Sunday, August 31, 2008

Stewart Mader in the UK

Stewart author of WikiPatterns and ex-wiki evangelist at Atlassian is in the UK this week to give a couple of workshops now that he has gone solo with his own consulting company.

The first of his sessions is a free (as far as I can tell) evening meeting on 3rd September at WuffleClub entitled Grow Your Wiki and the second, Effective Project Management Using a Wiki is the following morning at the same venue where the cost is a very reasonable 50 quid!

I am very excited to be attending the project management session as I have always felt the wiki was a perfect tool to supplement the more traditional PM tools like MS project. I explored with Mentor Group's Peter Nightingale using a wiki for the change management and project configuration aspects of a project. I also have used the corporate wiki for project reporting: paste a good quality JPEG of a MS project GANT or PERT into a wiki page and then email the link (or better still rely on the RSS feed) to all interested parties. The recipients do not need to have MS project or any special file viewers and they can use the wiki's functions to give feedback.

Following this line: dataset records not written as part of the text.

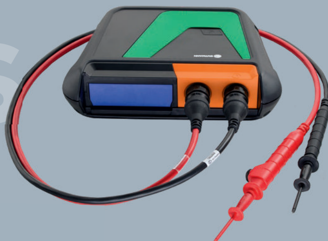
bestehend aus MT-HV + Hochvolt-Messleitungen schwarz/rot
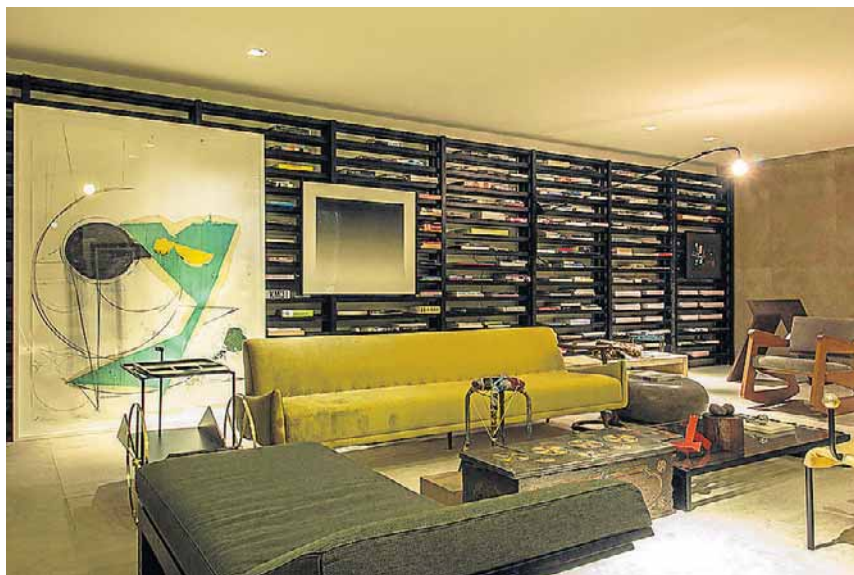
Iluminação cenográfica no ambiente assinado pelo mineiro Pedro Lázaro
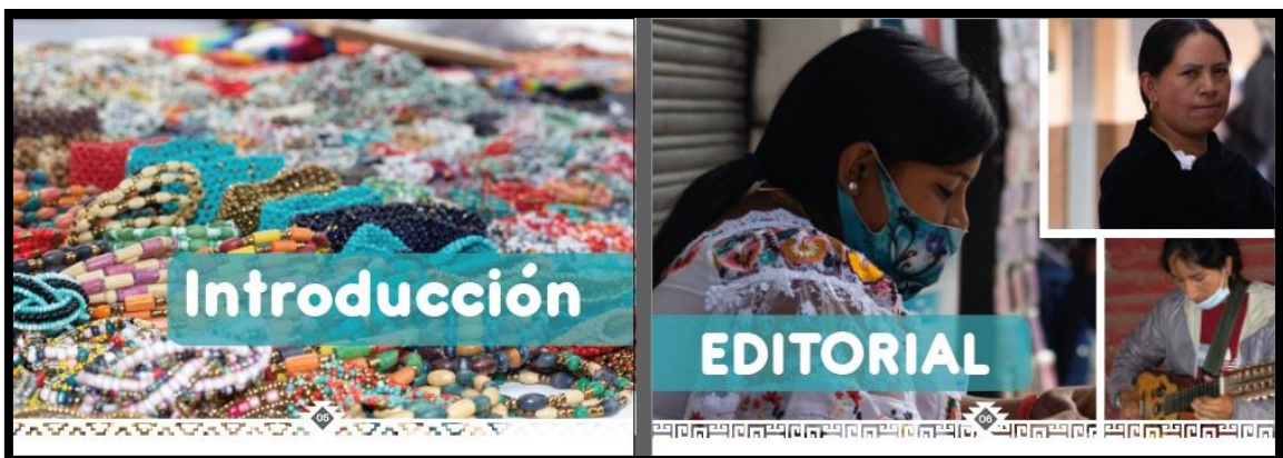
Introducción – Editorial
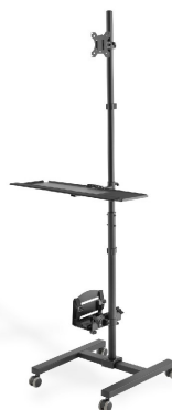
Estación de trabajo móvil altura 178 cm
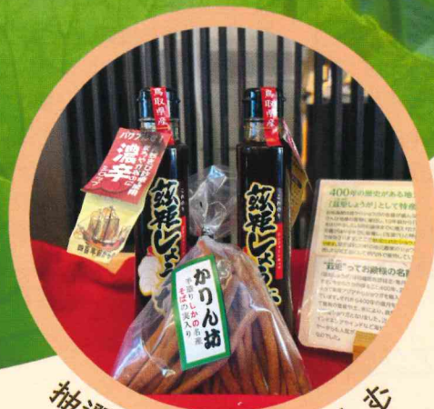
抽選会で特産品を楽しむ
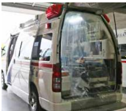
⑥ 後部 幅1700×高さ2000mm×1枚
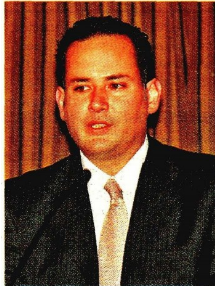
Santiago Nieto, ex titular de la Fepade.
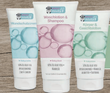
Aloe Vera Baby Set 1 x Wundschutzcreme 1 x Waschlotion & Shampoo 1 x Körper & Gesichtslotion
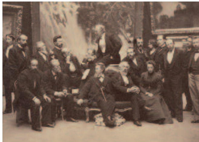
И.И.Левитан (стоит второй слева) в группе художников ТПХВ Фотография. 1899

Isaac Levitan (standing second left) in a group of artists at MSAL Photo. 1899
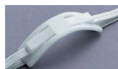
ベルト長さ調整パーツ
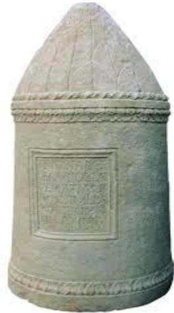
Slika 4. Liburnski cippus

Što se tiče religije kod Liburna susreću se neka božanstva koja se poklapaju sa rimskim božanstvima, poput Anzotice koja se poklapa sa rimskom božicom Venerom. 70 Također, povjesničar Aleksandar Stipčević u svom djelu Iliri navodi da se kod Liburna susreće i božica
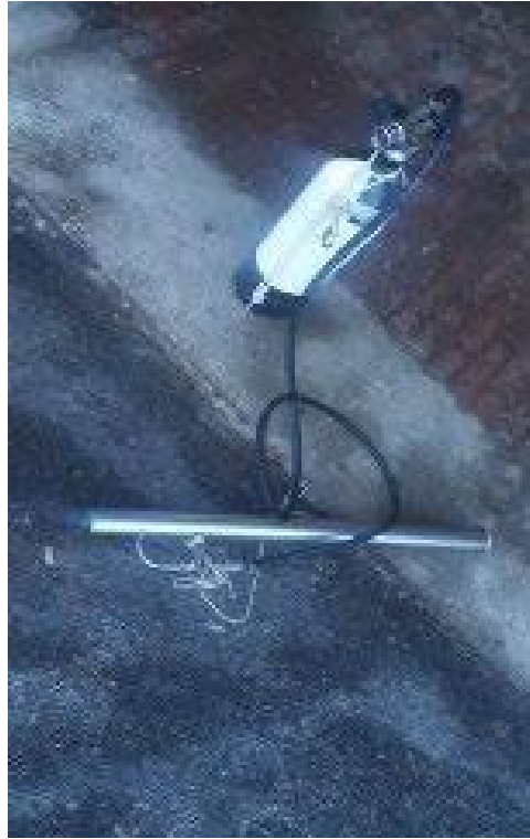
الصورة 5: السوربون
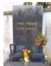
Wo befindet sich dieses Grab?
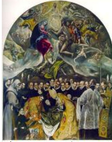
نەنگرىكۆ، ئاشتتى دىوك نۇرگاز، ۱۵۸۶، رۇنى نەسەر كانئاس،
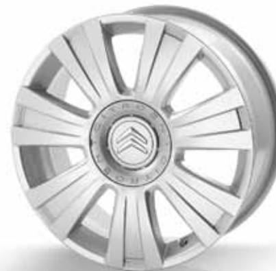
Leichtmetall-Felge „Amirantes“ (1)

I will endeavor to blog late next week about Stewart's workshop.

Friday, August 29, 2008

London Wiki Wednesday is back on track

I was pleased to be able to assist with the re-launch of London Wiki
Wednesday
. After an absence of eight months I was able to work with David Terrar of Business 2.0 and WordFrame to organize a meeting, again at NYK. It took place on August 13th and all involved pleged to hold the meetings on a regular (every two
months) basis with the next on likely to be on October 1st. David's account of the event can be found here.

Friday, August 1, 2008

Wiki Evangelist

Stewart Madder the wiki evangelist at Atlassian wrote a great piece about my current wiki deployment here. I believe the hope is that the article will be syndicated to a number of prominent business print mags.

This can only do good for those working in the enterprise wiki field.

While I am at it, I recommend Stewart's book Wikipatterns to anyone working in our field.